I saw the guys who put weights inside their fish, that was a really shitty scam.
They got caught though, so got their just desserts.
Can't believe that many people try to scam in competitions though, 8 million???
Yes, I know 😛
Wow
Please Regular Upload Vedio Olease
Ma man is using a green screen now! 🤯🤯
that's a black screen, it looks green because of bitrate compression
@@DaxyGamer It's foam paneling in the background.
My Guru is back , watching this while having my dinner 🙏.Love from India ❤
When I see a notification I just click don't matter what I was doing
ggs
Same
@@mkson1 yehhh
I wouldn't recommend clicking on a link in a phishing email unless you know what you are doing.
@@marcorossi7339 You can get hit with a heap of malware (some being zero day), logging your IP for DOS / future port scanning for weak items like IOT devices, draws attention to you etc. Remember that anti virus isn't perfect. It searches for signatures typically.
There are lots of vulnerabilities out there still.
@@Exposingscammers very clear! Thx
@@marcorossi7339 it is as @Exposingscammers said and more. I usually detonate the links in an isolated forensics sandbox and monitor all kinds of activity in the background.
@@wizix9877 forensics sandbox is equal to a kali/tails vm? Using tor?
Lol my ofc tricked me in clicking a link.
I think some of these are windows defender phishing sites? would be a great tool also for the scam-baiting community?.

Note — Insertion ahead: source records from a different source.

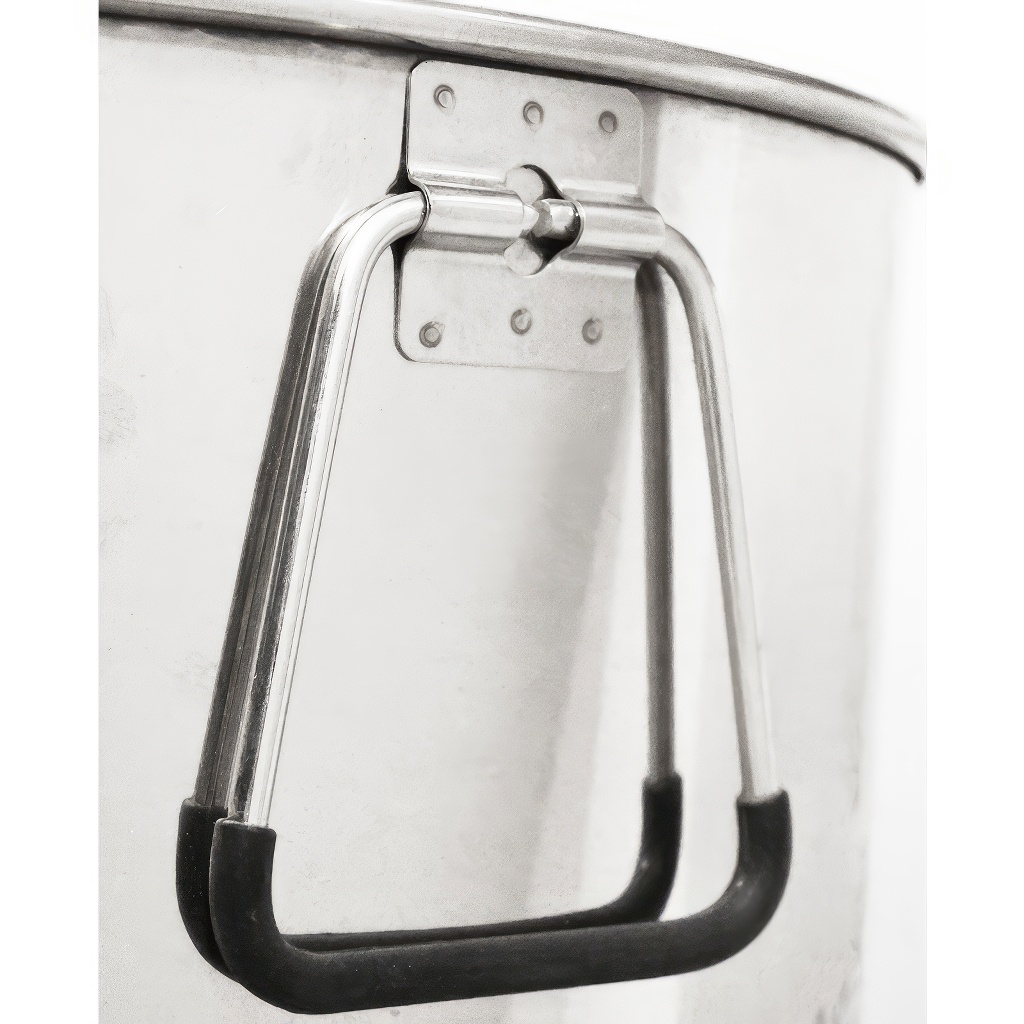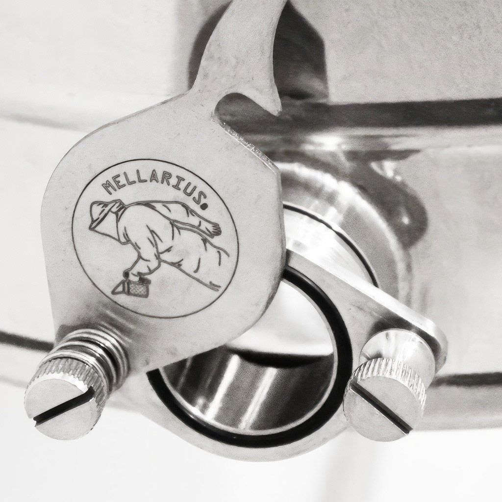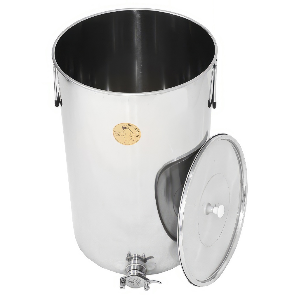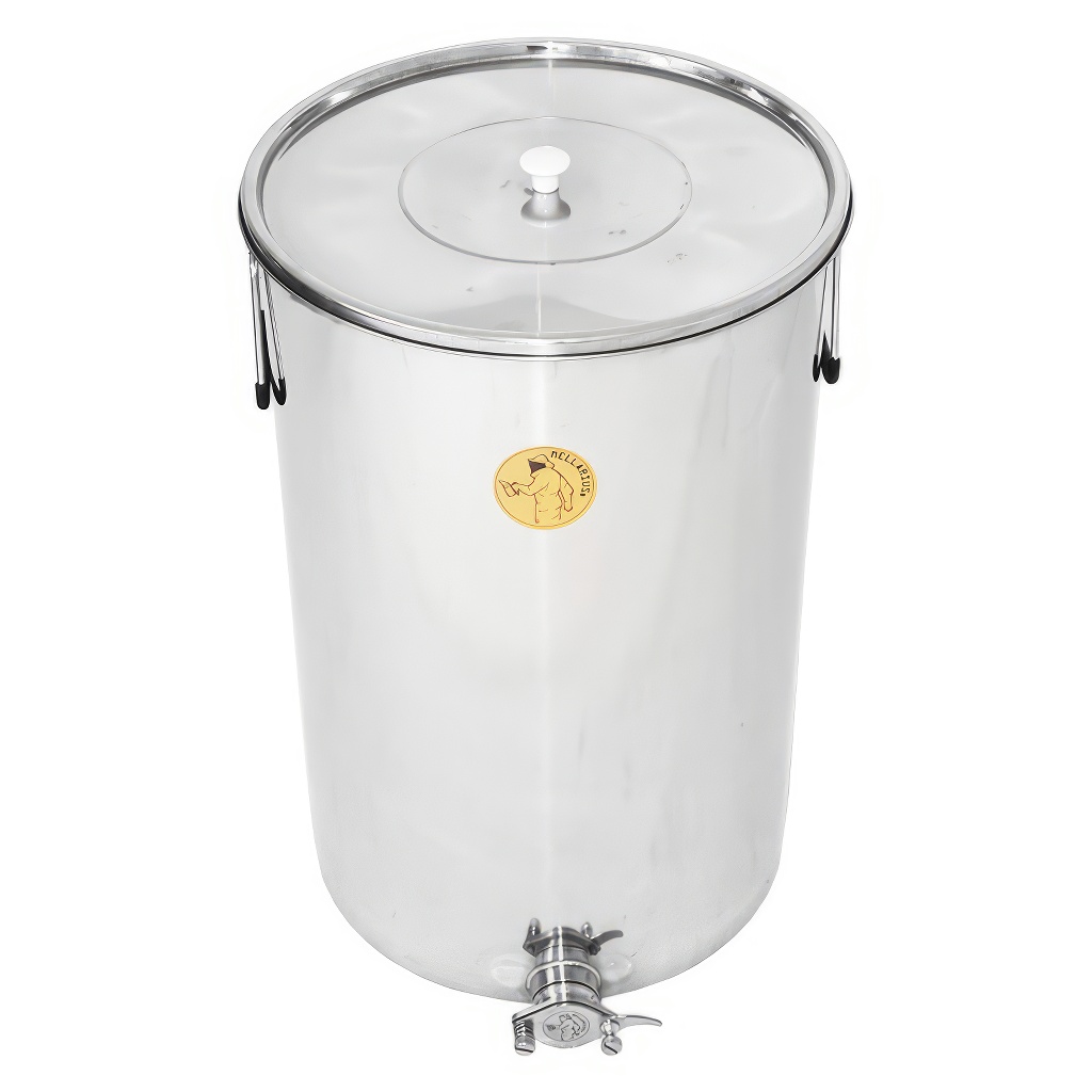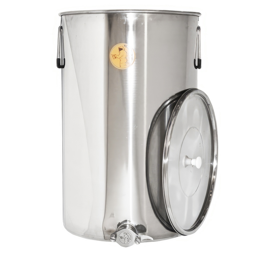 Stáčacia nemecká nerezová nádoba Mellarius na 100 kg medu s nerezovým kohútom a nerezovým vrchákom, ktoré má nové skoby pre pevné uchytenie veka s nádobou pre ľahšiu manipuláciu.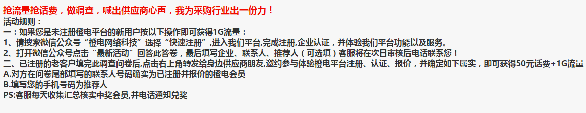 參與《橙電平臺(tái)供應(yīng)商調(diào)查問(wèn)卷》,搶1G流量+50元話費(fèi)。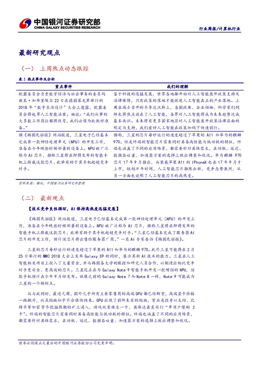 中国银河:计算机行业周报:三星基本完成AI芯片,人工智能保持高热度.pdf
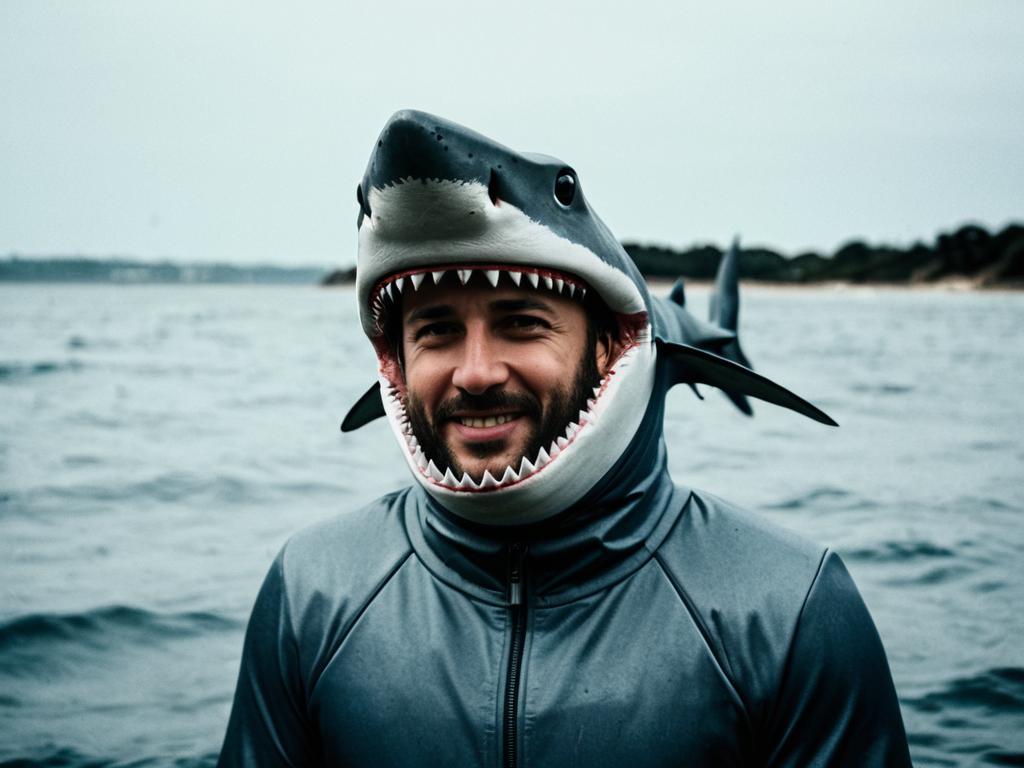 Shark Suit face swap, man in a shark suit with a shark on his head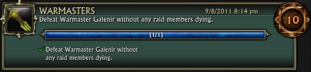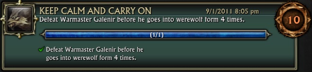 The fight continues with Warmaster Galenir swapping forms until his health is at 15% at which time he remains in Werewolf form and the Mote of Calm is not spawned. All DPS need to burn him at this point. Remember during this period abilities will cost an extra 25% energy, so the bard and archon need to make sure their regens are off of cooldown for this burn phase and raid members should make sure to have a regen or pot available if needed.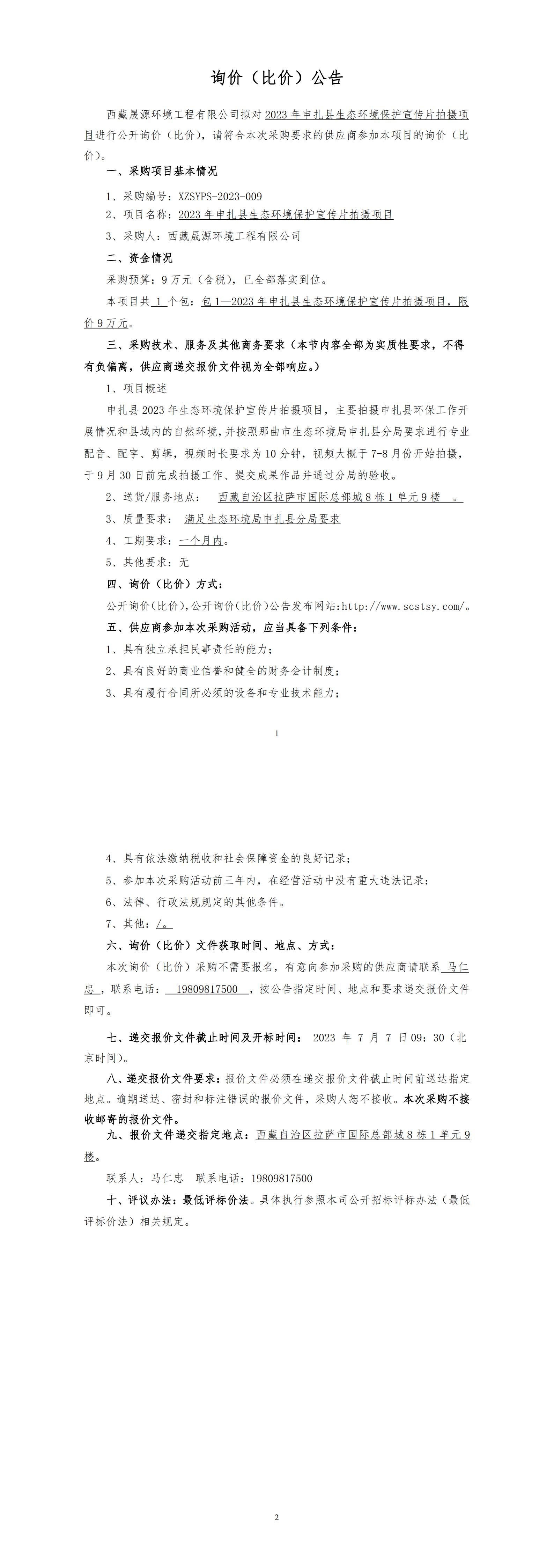 询价(比价)公告-2023年申扎县生态环境保护宣传片拍摄项目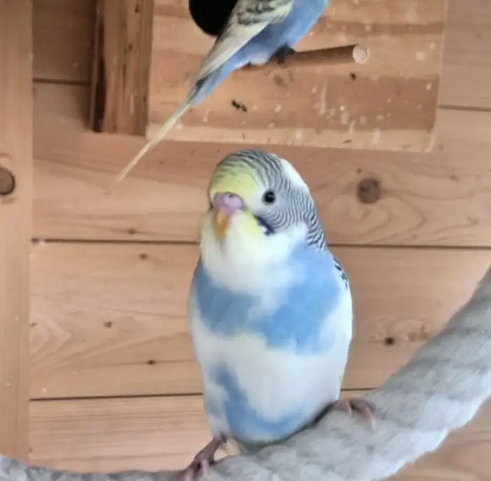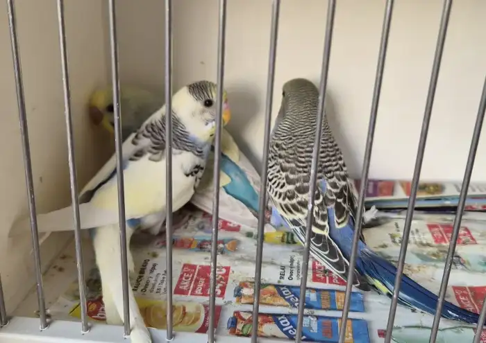 Prodám Andulku vlnkovanou - Prodam chovny par modrych Texasek,krouzek 24,letos 3x mlade,,venkovni voliera.600kc za par.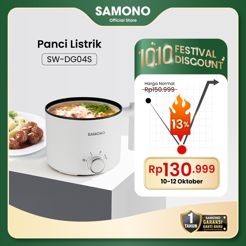 SAMONO Panci Listrik Anti Lengket 1.5 Liter Kukusan Stainless Hemat Listrik Kukusan Tutup Kaca DG04S
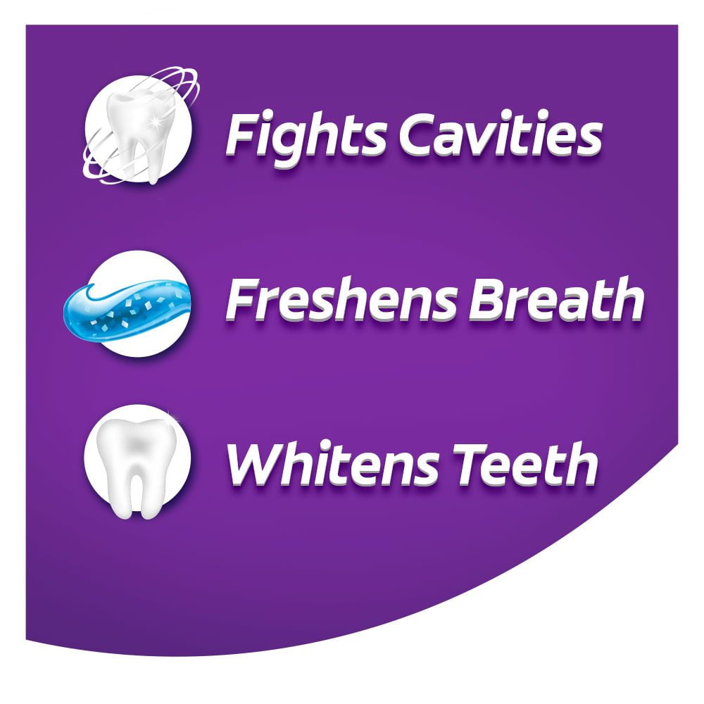 Easily stock multiple bathrooms with this convenient toothpaste value pack. Colgate MaxFresh has a new larger size (6.3 oz vs. 6 oz) and a powerful rush of freshness for long-lasting fresh breath. For good oral hygiene, brush your teeth twice a day for two minutes. You can smile confidently when you use Colgate Max Fresh toothpaste. Leave your mouth feeling fresh for hours with Colgate Max Fresh Knockout Toothpaste. Keep your cool with fresh breath toothpastes that give you the confidence to connect.
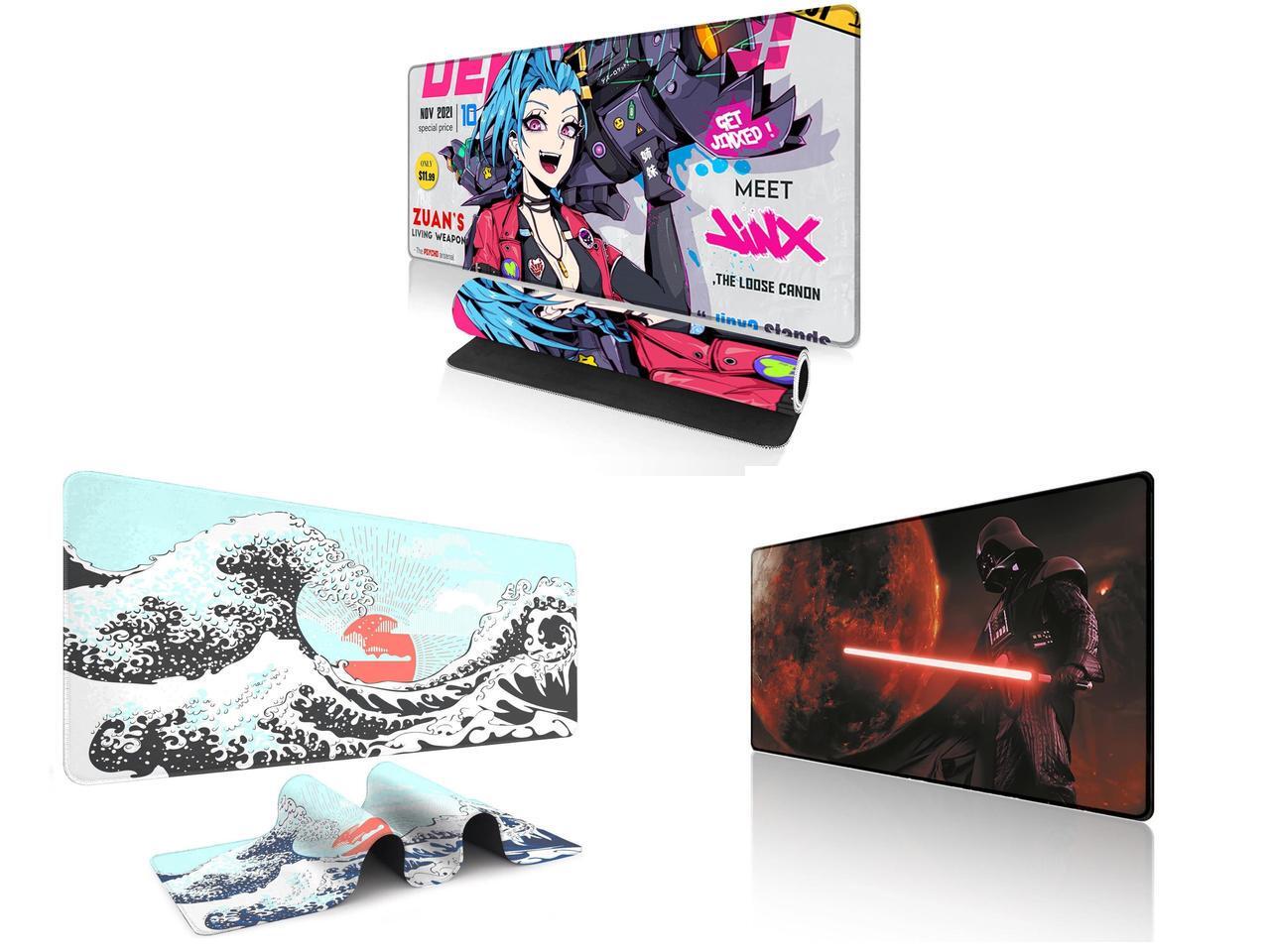 Alpha Fit Anime Gaming Mouse Pad XXL (35.4" x 15.7") - Blue Punk Graffiti Girl - Large Mouse Pad Extended - Extra Large Gaming Mouse Pads Loose Cannon Style - 03 and 1 x Alpha Fit Mint Green Great Wave Gaming Mouse Pad XXL (35.4" x 15.7") - Soft Teal Japanese Art Desk Mat - Fresh Nature Aesthetic Extended Keyboard Mat and 1 x Alpha Fit Starwar Gaming Mouse Pad XXL (31.5" x 11.8") - Star Wars Themed Large Mouse Pad - Extra Large Gaming Mouse Pads with Non-Slip Rubber Base & Stitched Edges for Sci-Fi Setup

Agreed. I'm going to be taking a look . I need more calls.
1st
What do you mean "phishing scams"?
A scam typically involves no URLs or attachment in the initial attack vector (1st mail), attempting to socially engineer the would-be victim into taking action in some aspect for the threat's own gains (an example would be the classic Nigerian prince email). A phish, on the other hand, usually attempts to masquerade as a trust-worthy entity, attempting to create some sense of urgency (either via threatening actions such as account closure or via expected item being provided way ahead of time, such as your son's birthday gift being delivered 1 week in advance) in order to get the victim to unknowingly provide access to company systems/ bank accounts/ etc.
It would be rather disconcerting if a SOC service starts treating scam emails with the same criticality/severity as phishing emails.
Hi, thanks for the long explanation. I am pretty sure he used the term "scam" to target audience with less knowledge about the field. Sometimes long explanations such as this one will be boring for some viewers as they came to become more aware about threats and not to become hackers and learn terminology.